Tim Ritchey

Personal information
- Born: May 27, 1951 (age 75) Pittsburgh, Pennsylvania, U.S.
- Occupation: Trainer

Horse racing career
- Sport: Horse racing
- Career wins: 2,422+ (ongoing)

Major racing wins
- Maryland Breeders' Cup Sprint Handicap (1997) Philadelphia Park Breeders' Cup Handicap (1997) Pennsylvania Derby (1999) Federico Tesio Stakes (2001) Maryland Million Classic (2001, 2002, 2003) West Virginia Governor's Stakes (2002) Hopeful Stakes (2004) Sanford Stakes (2004) Arkansas Derby (2005) Bertram F. Bongard Stakes (2006) Delaware Oaks (2007) Royal North Stakes (2008) Hirsch Jacobs Stakes (2009) American Classic Race wins: Preakness Stakes (2005) Belmont Stakes (2005)

Racing awards
- Leading trainer at Delaware Park Racetrack (1992,1993,1994,1996, 2001)

Significant horses
- Docent, Afleet Alex, Smart Guy, Summer Bird

= Timothy F. Ritchey =

American horse trainer

Timothy F. "Tim" Ritchey (born May 27, 1951, in Pittsburgh, Pennsylvania) is an American Thoroughbred racehorse trainer.

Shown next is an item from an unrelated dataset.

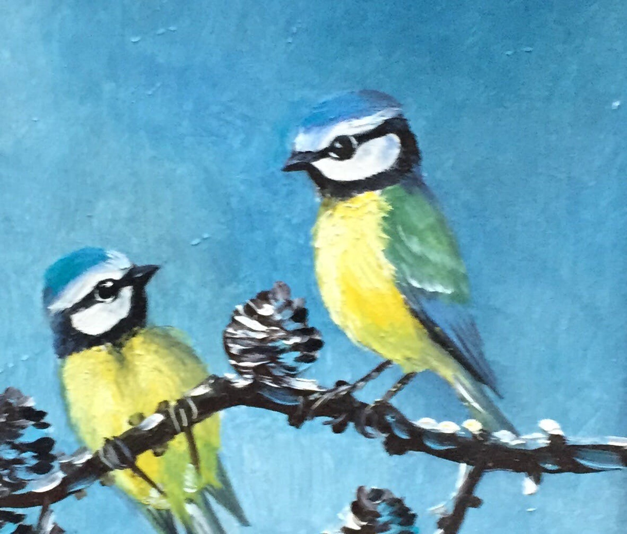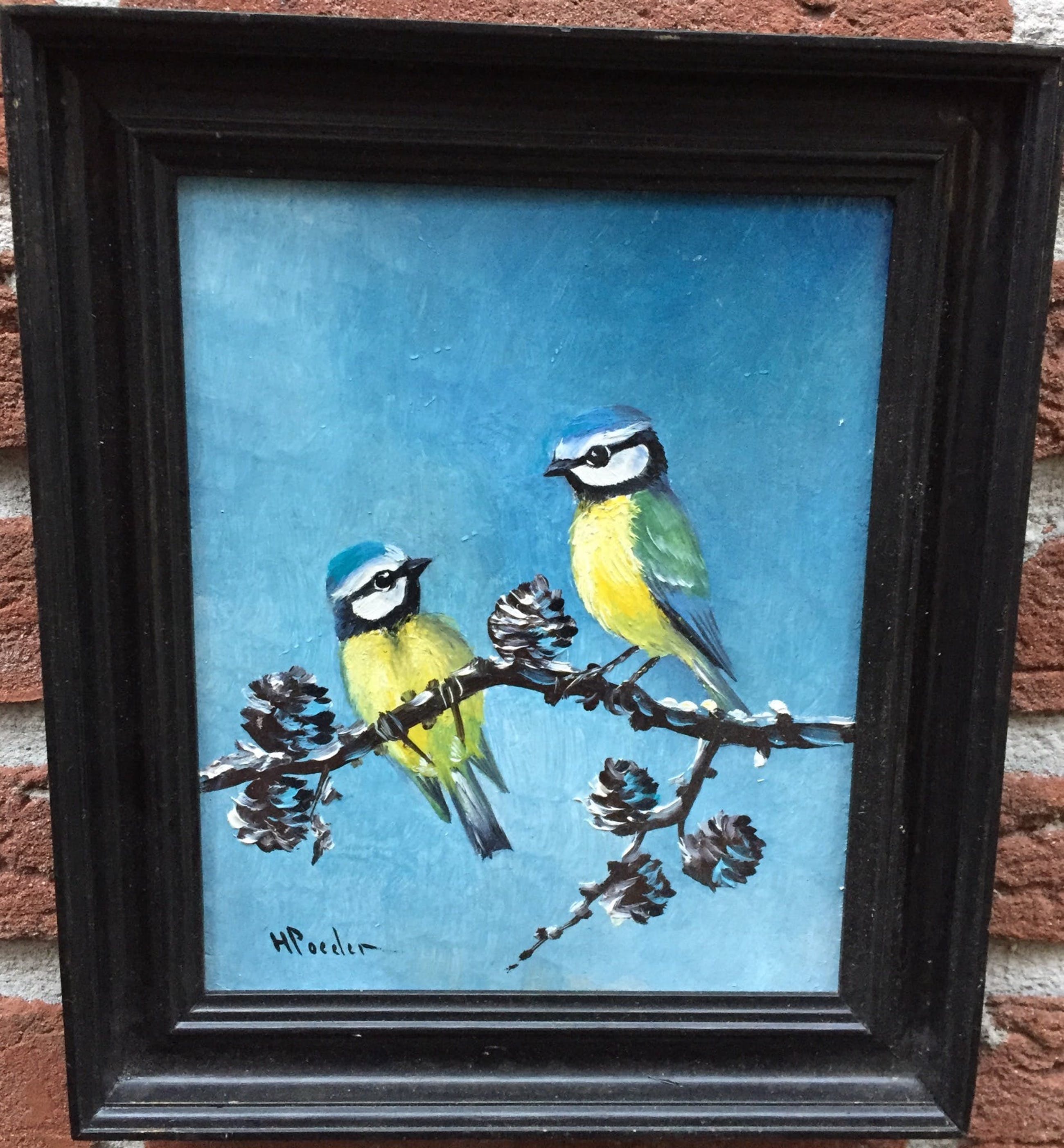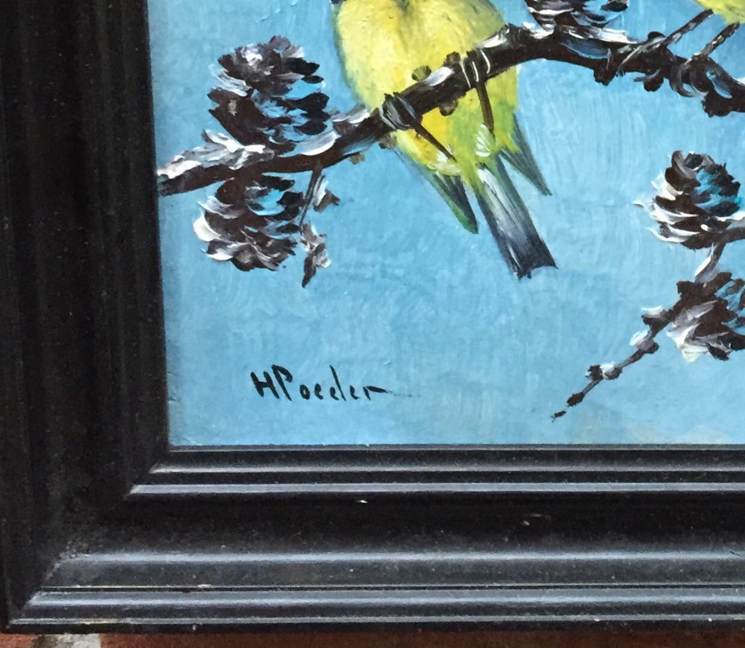 Mooi olieverf op painterboard gesigneerd lo h poeder . Het betreft 2 pimpelmezen in de sneeuw verder spreekt het schilderij voor zig.

He is best known as the trainer of Afleet Alex, a 2005 winner of two American Classic Races, the Preakness and Belmont Stakes.

Tim Ritchey married Janet Wood, a native of England. The couple has two sons, Christopher and Benjamin, who were born in Lebanon, Pennsylvania.